Carl Peterson

Personal information
- Born: May 26, 1943 (age 83) Minneapolis, Minnesota, U.S.

Career information
- College: UCLA

Career history

Coaching
- Sonoma State (1969) Assistant coach; Sonoma State (1970–1971) Head coach; UCLA (1973–1975) Assistant coach; Philadelphia Eagles (1976–1977) Tight ends coach;

Operations
- Philadelphia Eagles (1977–1982) Director of player personnel; Philadelphia/Baltimore Stars (1982–1985) President, general manager & part-owner; Kansas City Chiefs (1989–2008) President, general manager & chief executive officer;
- Executive profile at Pro Football Reference

= Carl Peterson =

American football coach

Carl D. Peterson (born May 26, 1943) is a former American collegiate and professional football coach and executive in the National Football League (NFL). He began his coaching career at Sonoma State University and later became the assistant general manager for the Philadelphia Eagles. He was hired as the president and general manager of the Kansas City Chiefs in 1988, a position he held until 2008.

Peterson was active in American football for more than 50 years. He started at the high school level, then moved on to professional football, working with the Philadelphia Eagles (NFL), Philadelphia Stars (USFL), and the Kansas City Chiefs (NFL).

Since leaving the Chiefs, Peterson has worked in a number of football-related organizations, including USA Football, the Pro Football Hall of Fame, and FanVision. He was named a semifinalist for induction into the Pro Football Hall of Fame Class of 2023.

==Education and early coaching career==
Carl Daniel Peterson was born on May 26, 1943, in the Swedish Hospital in Minneapolis, Minnesota. He was the third of four sons born to Louise and Eric Peterson. His father worked heavy construction jobs throughout the Midwest, working on the home front of the Second World War.
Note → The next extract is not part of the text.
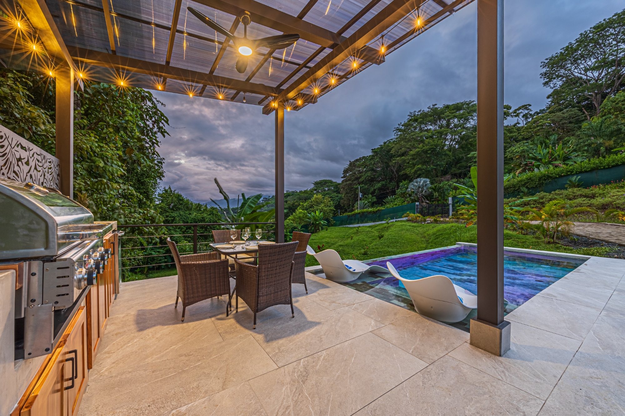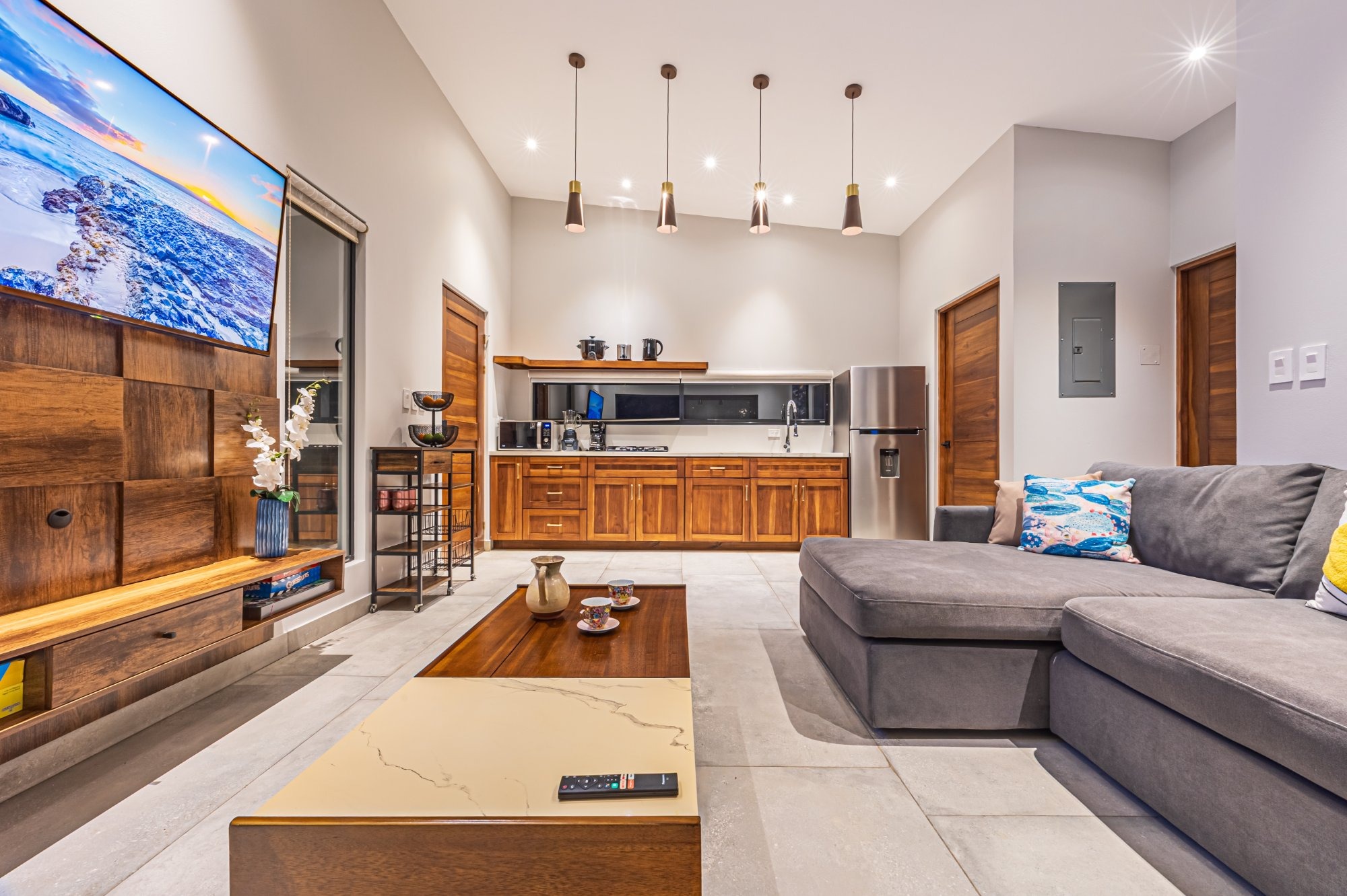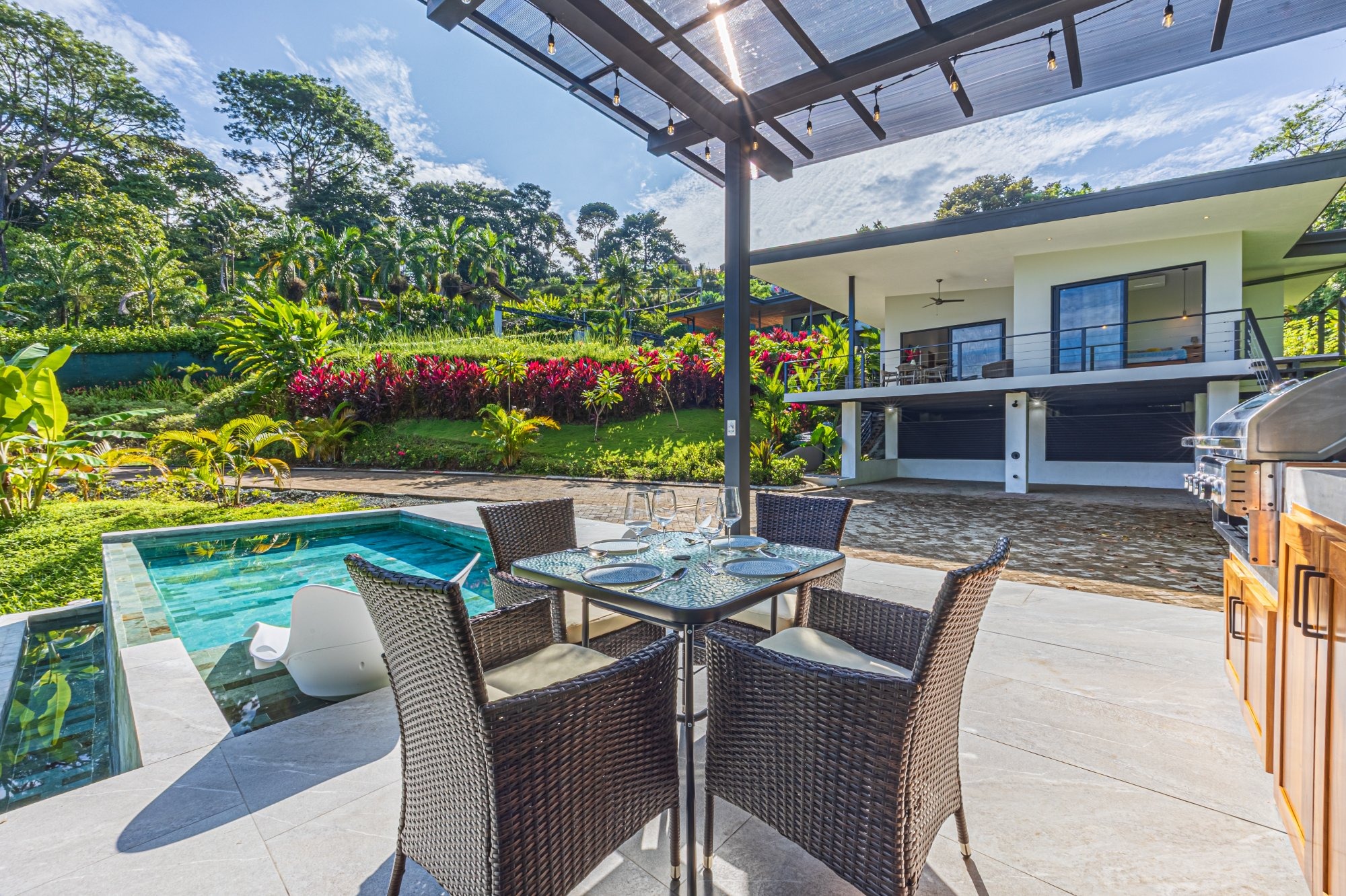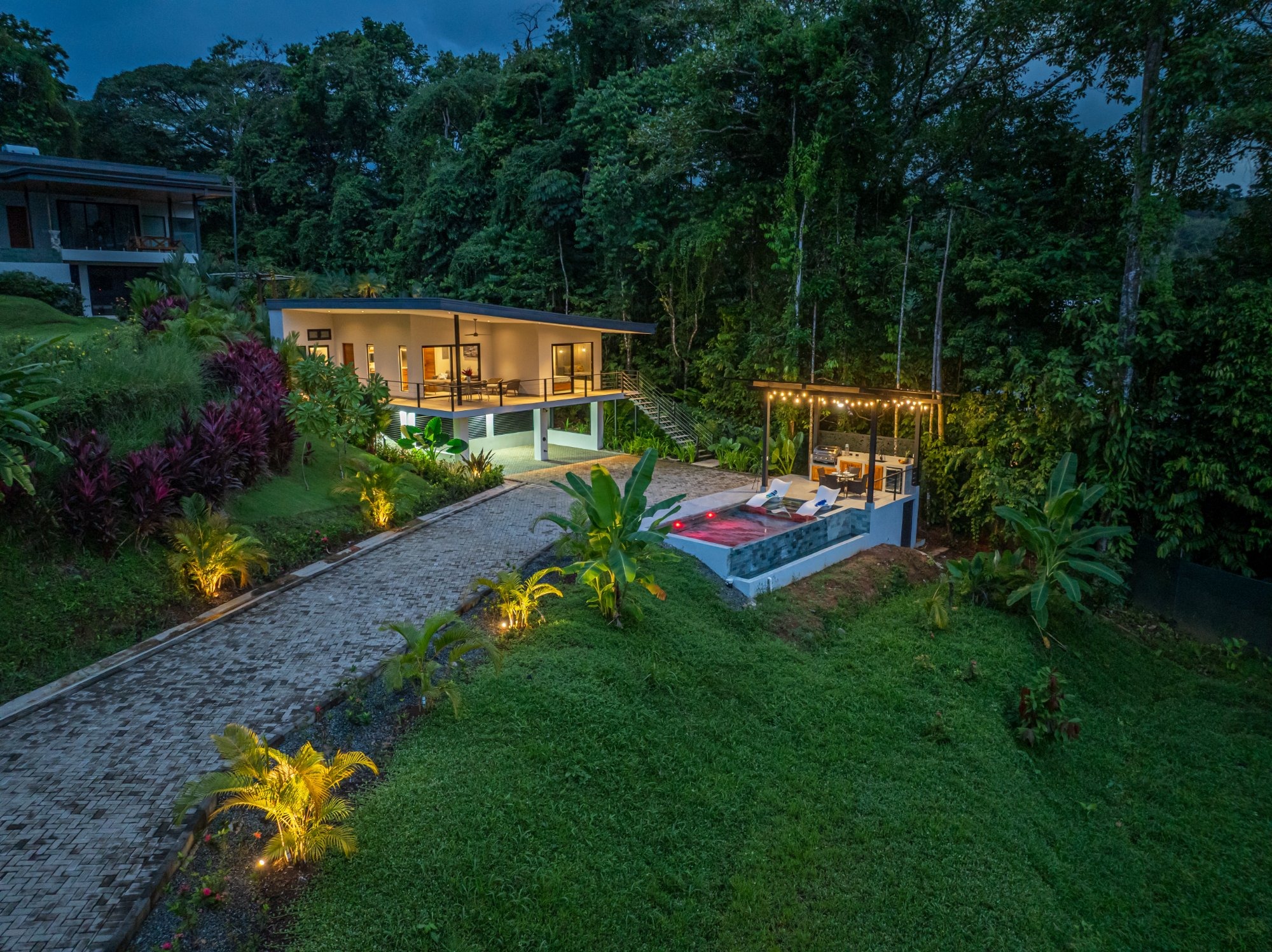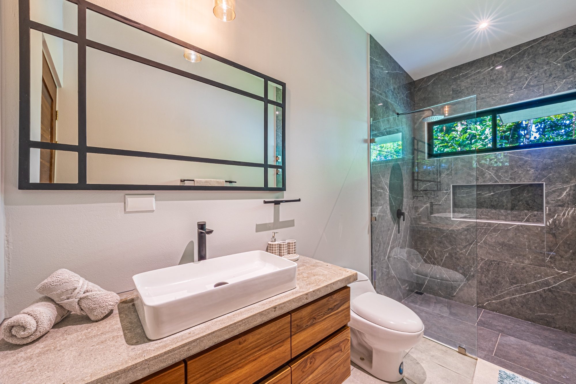 Escape to a modern 2-bedroom villa in Uvita with a stunning sukabumi infinity pool, A/C, WiFi, and covered parking. Just minutes from Playa Colonia and Marino Ballena National Park, enjoy jungle sounds, frequent toucans and occasional monkeys from your terrace with partial ocean views. Perfect for couples, adventurers, or a tropical retreat, privacy, comfort and nature all in one place.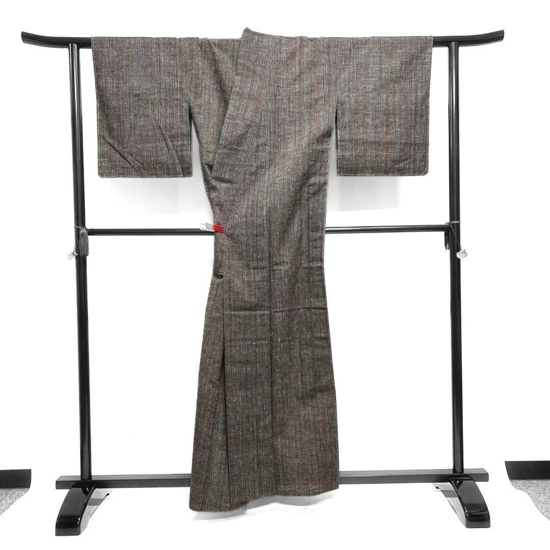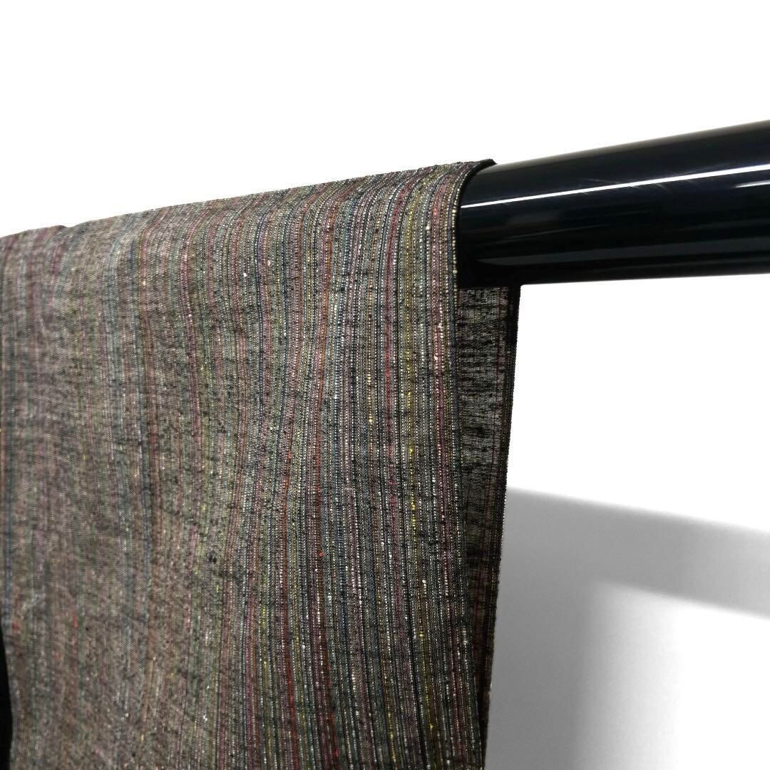 紬の地にカラフルに織られた縦縞の文様がお洒落なデザインの一着です。

When Carl was three years old, the family moved to Long Beach, California, where Eric began a construction business with his brother-in-law.

Peterson attended Woodrow Wilson Classical High School in Long Beach, participating in football and baseball for the Wilson Bruins with the help of football coach Skip Rowland. Peterson played end and kicker. He was part of the graduating class of 1961 at Wilson and went on to earn three degrees from the University of California, Los Angeles (UCLA): a bachelor's degree in 1966, a master's degree in 1967, and a doctorate in 1970.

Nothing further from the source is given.